Flashback: What began in April as student demonstrations tied to the death of a reformist former leader, Hu Yaobang, “swelled as older people joined and the list of demands broadened,” writes Willis Sparks of GZERO Media.
- “The occupation of the square took on a life on its own, and some within the Communist Party leadership began to see a threat to their monopoly on political power.”
- “The contest for control of the square soon became a battle for information. ... Any sign of movement by police or soldiers sent protesters scrambling to landline telephones in nearby buildings to call supporters to flood the square to make it more difficult for security forces to enter.”
What happened next, on the morning of June 4, is infamous around the world and a closely guarded secret in China.
- Dong Shengkun, a protestor who was arrested after Tiananmen and spent 17 years in prison, saw armored vehicles and soldiers firing indiscriminately.

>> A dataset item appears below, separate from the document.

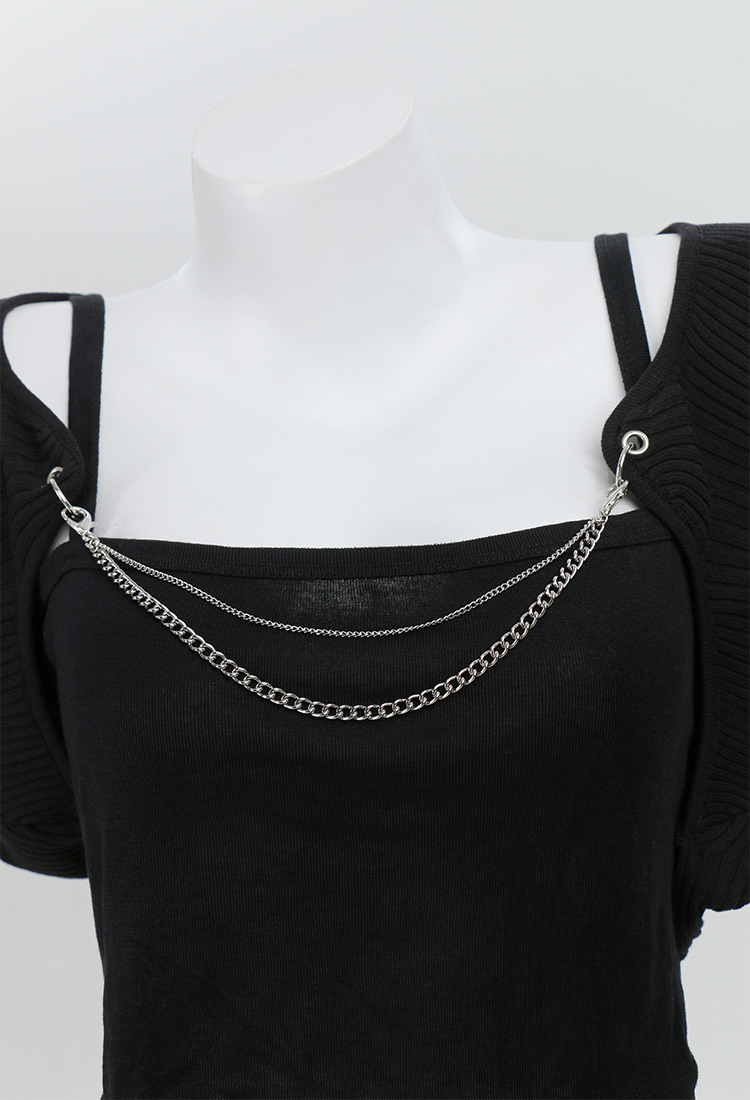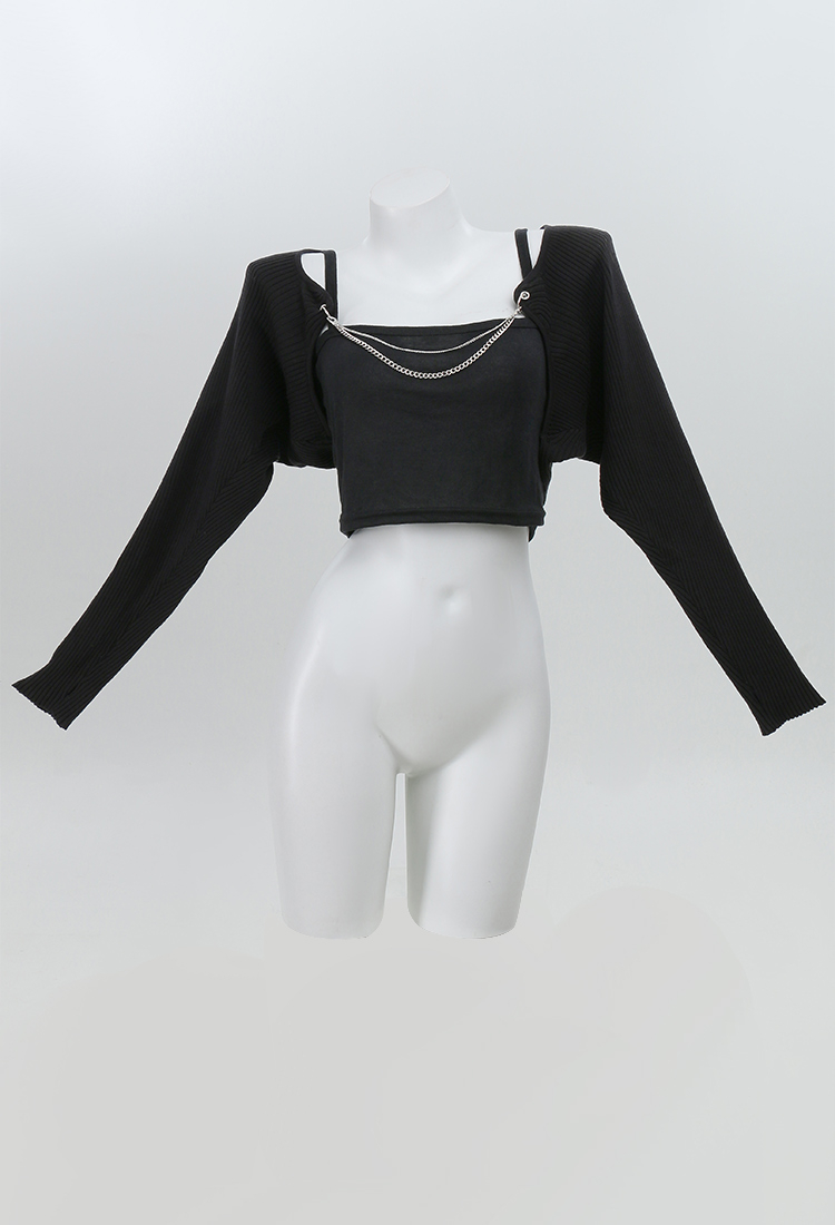 Micotaku Women Black Long Sleeve Crop Knit Cardigan with Chain

- “There was blood and brain matter all over the ground. There were dead people lying in the streets. Those who survived got up and helped the injured back indoors or into the alleys,” he told the Washington Post’s Anna Fifield.
- “In tears, I told a major that I was in the army, too, and that I never imagined that some day my own comrades would be pointing their guns at me.”
The Chinese Communist Party (CCP) has rewritten textbooks, authored propaganda and aggressively censored any information related to the massacre in an effort to erase not only historical memory of it, but also the democratic idealism that powered the protests.
- Chinese Defense Minister Wei Fenghe said Sunday that authoritiesmade the “correct” decision 30 years ago. His rationale was that “political turmoil” had to be sorted out, and China has “enjoyed stability” since.
The crackdown “cut short a decade of Chinese political enlightenment,” Minxin Pei writes for Nikkei Asian Review.
- “Indeed, it is difficult to imagine the intellectual fervor and diversity of the 1980s when we look at today's China, where ideological re-indoctrination, censorship, and persecution of outspoken thinkers have turned the country into an intellectual wasteland.”
- “No one knows what China would look like had the enlightenment movement of the 1980s not been cut short. … But one thing is sure. In the aftermath of the crackdown, the CCP launched a systematic campaign of anti-enlightenment to eradicate the movement's influence.”
The big picture: 1989 is remembered in the U.S. and Europe as a time of democratic possibility because of an event that happened five months later — the fall of the Berlin Wall, Gideon Rachman writes in the FT.
- The world looked destined to go the direction of Berlin, with walls coming down and politics opening up — even in China. It hasn't quite worked out that way.